Material for this exercise: Begin

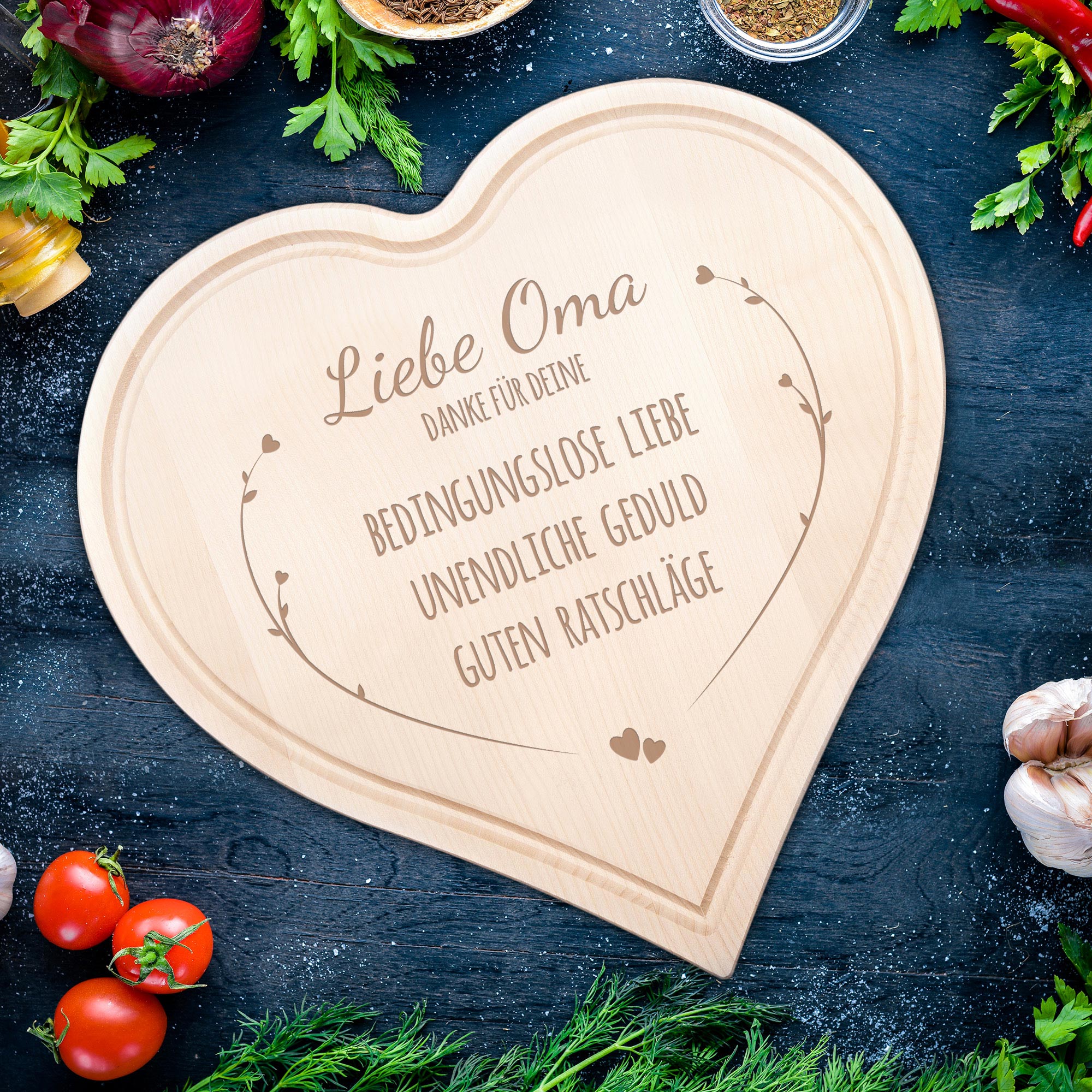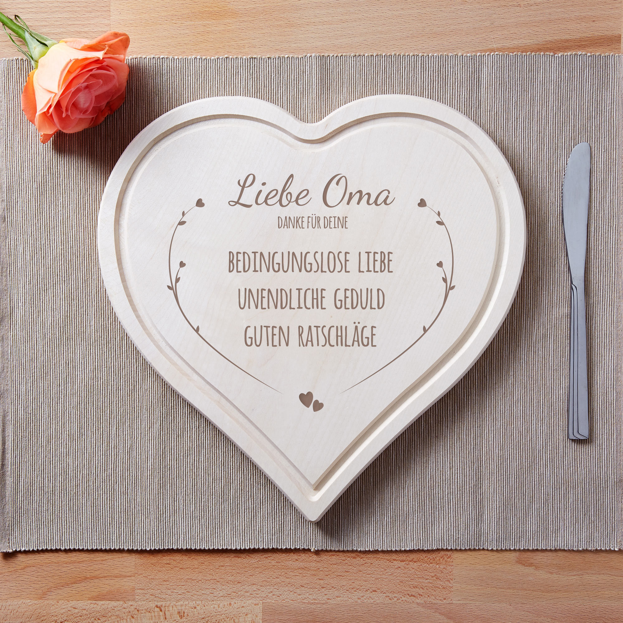 Eine große Freude für die Oma: Das Herzbrett mit Gravur ist ein schönes Schneidebrett für alle Omas, die gerne kochen. Denn das hochwertige Küchenbrett ist perfekt für den täglichen Einsatz in der Küche, aber auch ideal beispielsweise als Servierbrettchen oder Käsebrett geeignet.
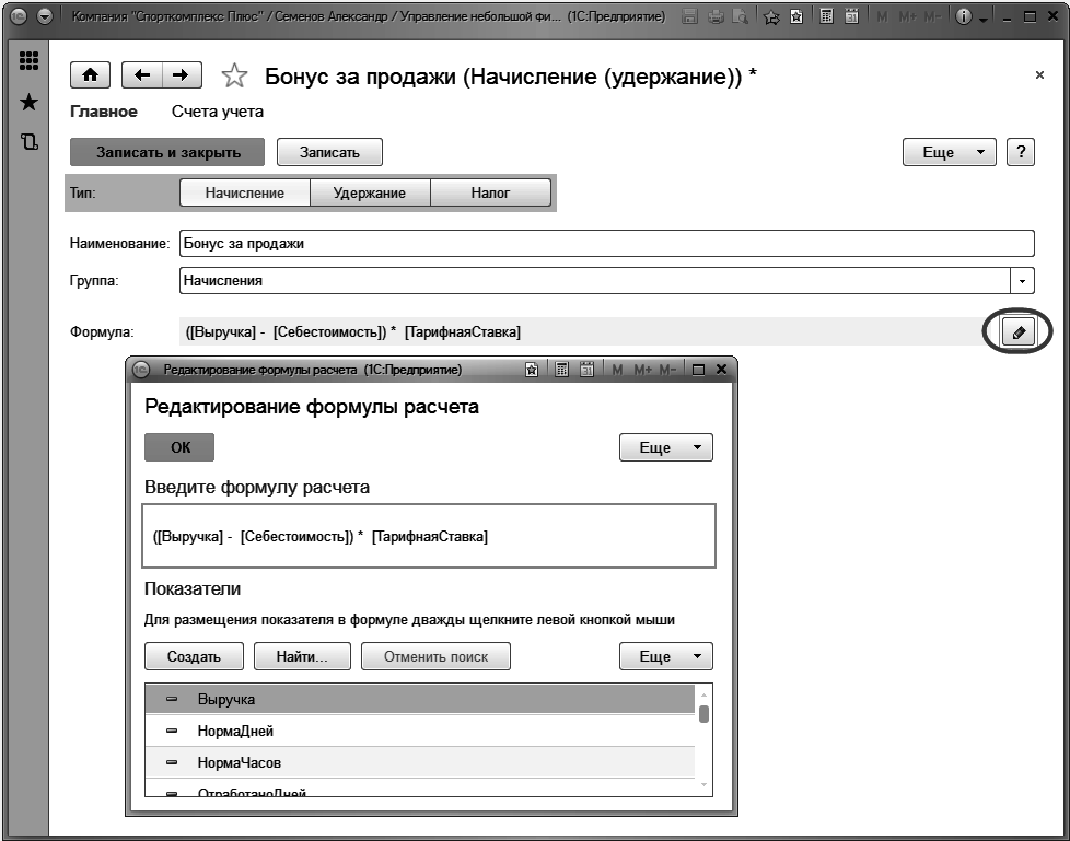 Рис. 249. Редактирование формулы расчета вида начисления
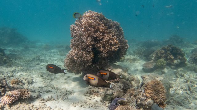 Blue-tailed copper-striped skink in the near coconut forest.Back on the beach.Towards the resort.Coconut leaf basket weaving workshop.Wow, amazing ;)Meanwhile, at the bar.And the daily snorkel trip not to be missed.Needlefish, always near the surface, eying at you.Catching fish… almost.Rivulated Parrotfish, a bit shy this guy.Photobombed once more!Sea cucumber, we saw only a handfull all week, which is nothing compared to the Cookies.Corals and fish.Who finds the name of this fish gets a prize.Two loners.It’s photobomb day.
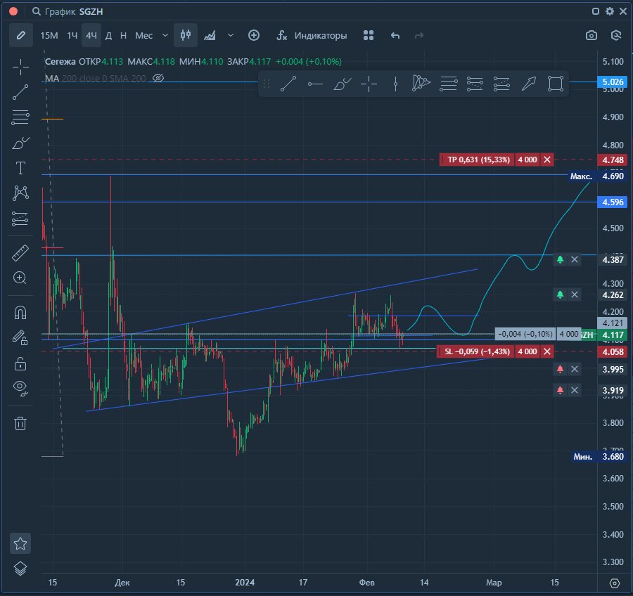 Смотрите пост от 5 февраля. Цена пробила уровень поддержки 4.1 р. и вернулась опять за уровень, тем самым показав ложный пробой тенью свечи.
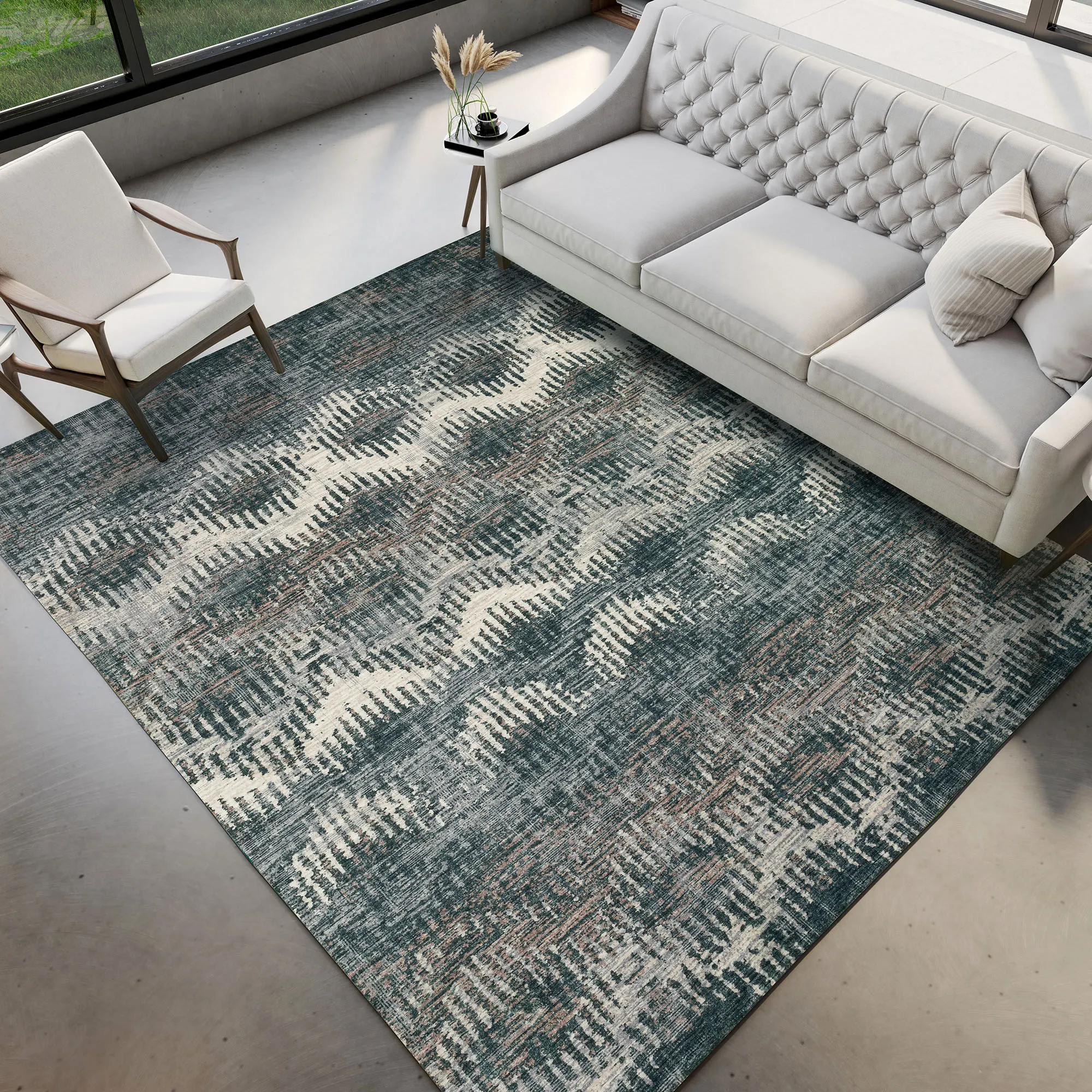 • Area rug features wavy abstract designs

Material for this exercise: End

**Your assignment:**
From the line with "Blue-tailed copper-striped skink" to the last line above, restate each line word for word, but skip the pictures.

**Result for this exercise:**
 Blue-tailed copper-striped skink in the near coconut forest.Back on the beach.Towards the resort.Coconut leaf basket weaving workshop.Wow, amazing ;)Meanwhile, at the bar.And the daily snorkel trip not to be missed.Needlefish, always near the surface, eying at you.Catching fish… almost.Rivulated Parrotfish, a bit shy this guy.Photobombed once more!Sea cucumber, we saw only a handfull all week, which is nothing compared to the Cookies.Corals and fish.Who finds the name of this fish gets a prize.Two loners.It’s photobomb day.
 Смотрите пост от 5 февраля. Цена пробила уровень поддержки 4.1 р. и вернулась опять за уровень, тем самым показав ложный пробой тенью свечи.
 • Area rug features wavy abstract designs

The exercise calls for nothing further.